The ruling was in response to a lawsuit from the Republican National Committee seeking to bar the practice known as “ballot curing” before the November election.


“Voters in Pittsburgh should have the same election rules as voters in Philadelphia, and Pennsylvania’s Constitution is clear that voting laws should be set by the legislature, not unelected bureaucrats,” RNC chair Ronna McDaniel said in a statement.

“Allowing some counties to operate differently than others undermines the rule of law. Republicans will continue fighting to ensure that Pennsylvania’s voters are treated equally regardless of where they live,” she added.

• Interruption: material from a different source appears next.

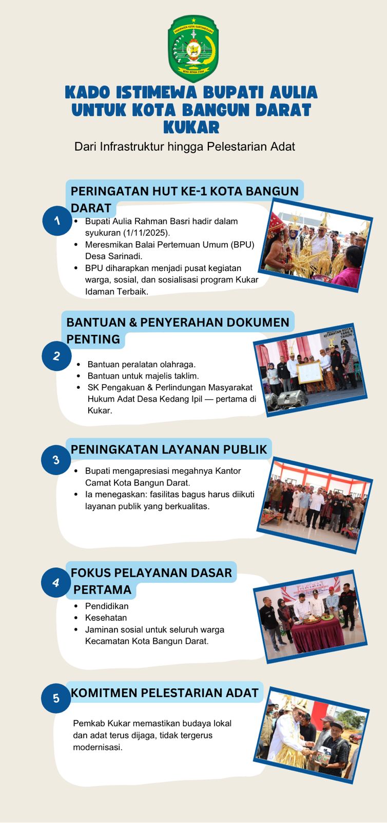 Usai peresmian, Aulia menuju Kantor Camat untuk mengikuti syukuran hari jadi Kecamatan Kota Bangun Darat. Acara dibuka dengan penyerahan berbagai bantuan, seperti bantuan pertanian, fasilitas olahraga, bantuan habsyi untuk majelis taklim, serta penyerahan Surat Keputusan tentang Pengakuan dan Perlindungan Masyarakat Hukum Adat Desa Kedang Ipil. Kegiatan kemudian dilanjutkan dengan pemotongan tumpeng sebagai bentuk syukur.

Judge Ceisler argued that counties‘ cure procedures “have generally been accepted in order to fulfill the long-standing and overriding policy in this Commonwealth to protect the elective franchise.”

State law “does not specifically prohibit [elections officials] from implementing notice and cure procedures.” Instead, they “enjoy broad authority … to implement such procedures at their discretion to ensure that the electoral franchise is protected,” she wrote.

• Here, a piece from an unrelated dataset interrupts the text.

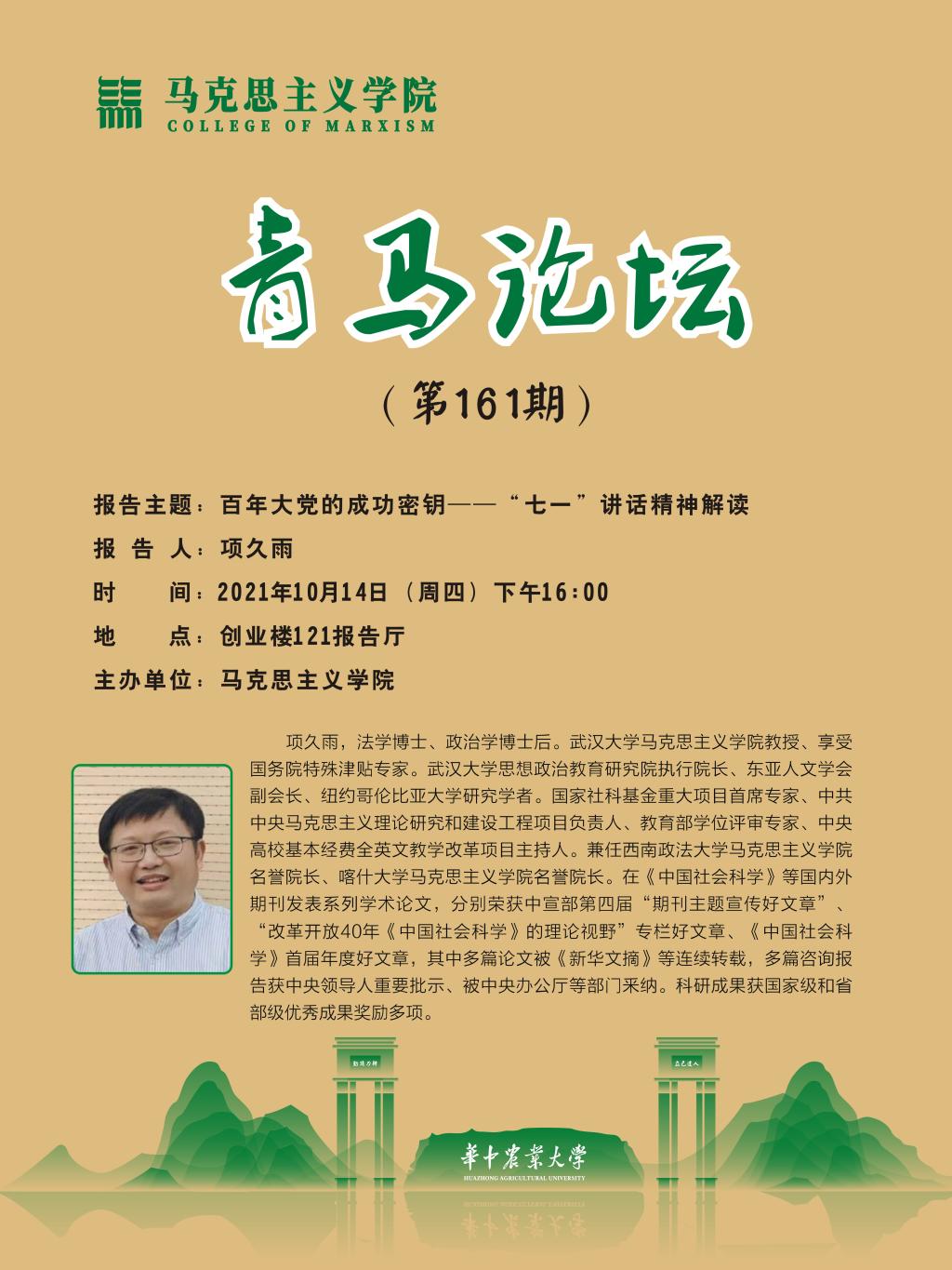 10月14日下午,第161期青马论坛于创业楼121报告厅举行。武汉大学9428cn太阳集团项久雨教授应邀作“百年大党的成功密钥——‘七一’讲话精神解读”学术报告。报告由院长梁伟军主持。

“The question of how to handle clearly flawed ballots has dogged counties since Pennsylvania’s massive expansion of mail voting in 2020. Voters inevitably make mistakes, and when they submit ballots with what are considered fatal flaws — the kind that require the ballots be rejected — some counties try to fix it,” Morning Call reported.


“Fatally flawed ballots include, for example, those without the signature of the voter on the outer envelope, which is required under state law, or so-called naked ballots — those returned without the inner secrecy envelope. Depending on the error, some counties — but not all of them — undertake “notice and cure” procedures to try to alert voters of the problem and help them resolve it so their vote can be counted. For example, a county might call, email, or send a postcard to a voter telling them to visit their local elections office to sign an unsigned ballot,” the report added.

“Some counties leave contacting such voters to political parties. Others don’t do anything at all, rejecting the ballot outright,” the report continued.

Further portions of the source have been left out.